精一杯の抵抗で前へ前へと這って逃げる俺の目の前に、垂らしておいたナースコールが見えた。
これを押せば助けが来る。そう思い伸ばした手を、脳裏をよぎった言葉が止める。
静かになったらすぐにナースコールを押して下さい。
あの男はそう言っていた。
こんなに酷い目に遭っているのに、俺の口からは、不思議と悲鳴の一つも溢れない。病室には不気味なまでの静けさが満ちている。
静かになったらナースコールを押せ。それは、俺がベッドの下で息を潜め、身じろぐこともしなくなったら、という意味ではないのか?
だとしたら、これを押した時、俺を待っているのは今以上の酷い状況なのではないだろうか。
一瞬で駆け巡った考えに従い、俺はナースコールに伸ばした手を引っ込めた。

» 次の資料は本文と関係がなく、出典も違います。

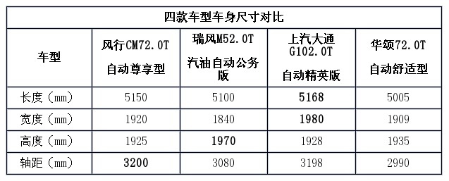 上汽大通G10的车身尺寸为5168×1980×1928mm,轴距为3198mm;与其它三款车型相比,在长度、宽度方面具备优势,同时3198mm的轴距尺寸与风行CM7近乎持平。
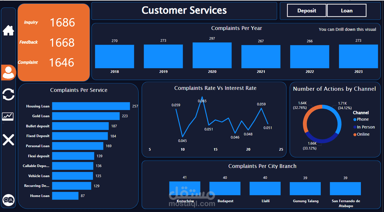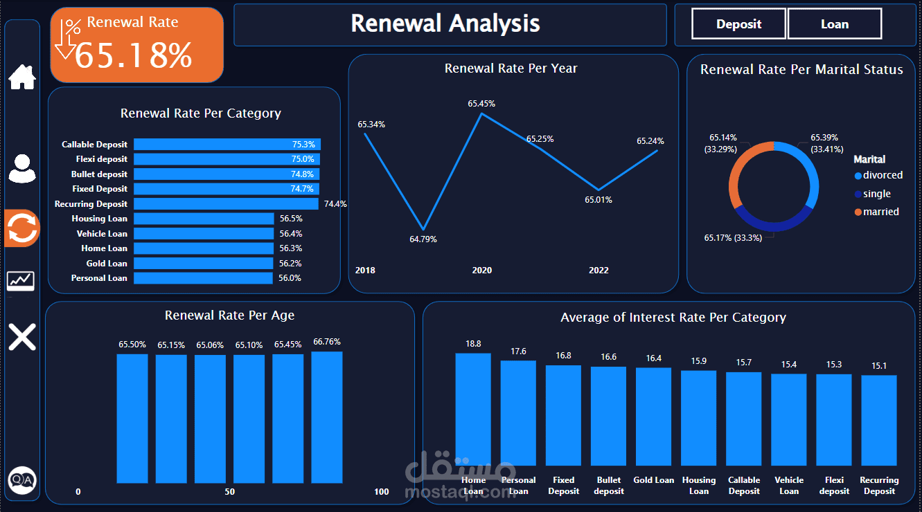 في هذا المشروع قمتُ بتصميم لوحة معلومات ديناميكية تفاعلية باستخدام Power BI لتحليل بيانات العملاء والبنك من حيث:

それをぐっと床に押しつけ、死に物狂いでベッドの外へと這い出る。
その途端、さっきまでの猛攻が嘘のように収まった。
助かったとはまだ思えないが、攻撃をされなくなった事実に安堵が生まれる。それが張りつめていた俺の意識の糸を切った。
* * *
気づいた時、世界は朝になっていた。
看護士の叫びが側で聞こえる。それで俺は、ようやく心から助かったと思うことができた。
すぐに診察室に運ばれ、夜中に負った傷の治療を受ける。その際に、担当医と看護師達が全員息を飲んで固まった。

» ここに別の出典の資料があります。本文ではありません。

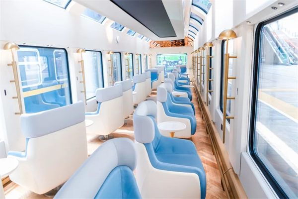 在列车体验方面,将御膳技艺与河北物产完美融合,推出四季轮转的时令美馔;车厢内非遗大师现场展示皮影上色、桃木雕刻等传统非遗,"移动沉浸式剧场"让旅客化身历史角色参与互动;全景车窗配合智能调光技术,将美好风景尽收眼底;娱乐车厢轮番上演京剧、相声等精彩演出,配合淡雅茶香与咖啡香气,为旅客带来好吃、好玩、好看、好听、好闻一体的立体文化体验空间,让燕赵大地的文化瑰宝在旅途中焕发新生。

俺の体についた無数の傷跡。拳の形の痣や引っ掻き傷、強く握りしめた指の形などなど。
不思議なことにそられは大きさがバラバラで、どう見ても一人ではなく、大勢の人間が寄ってたかって暴力をふるったとしか思えない状態だった。
医者に事情を聞かれ、昨日退院した男に告げられた言葉と、看護士に言い渡された場所移動のことをそっくりそのまま話すと、一同はさらに沈黙して固まった。
聞けば、昨日退院した患者は一人としておらず、しかも俺が最初に使っていたベッドの隣には、入院患者はいなかったというのだ。そして、場所移動の指示もなかったらしい。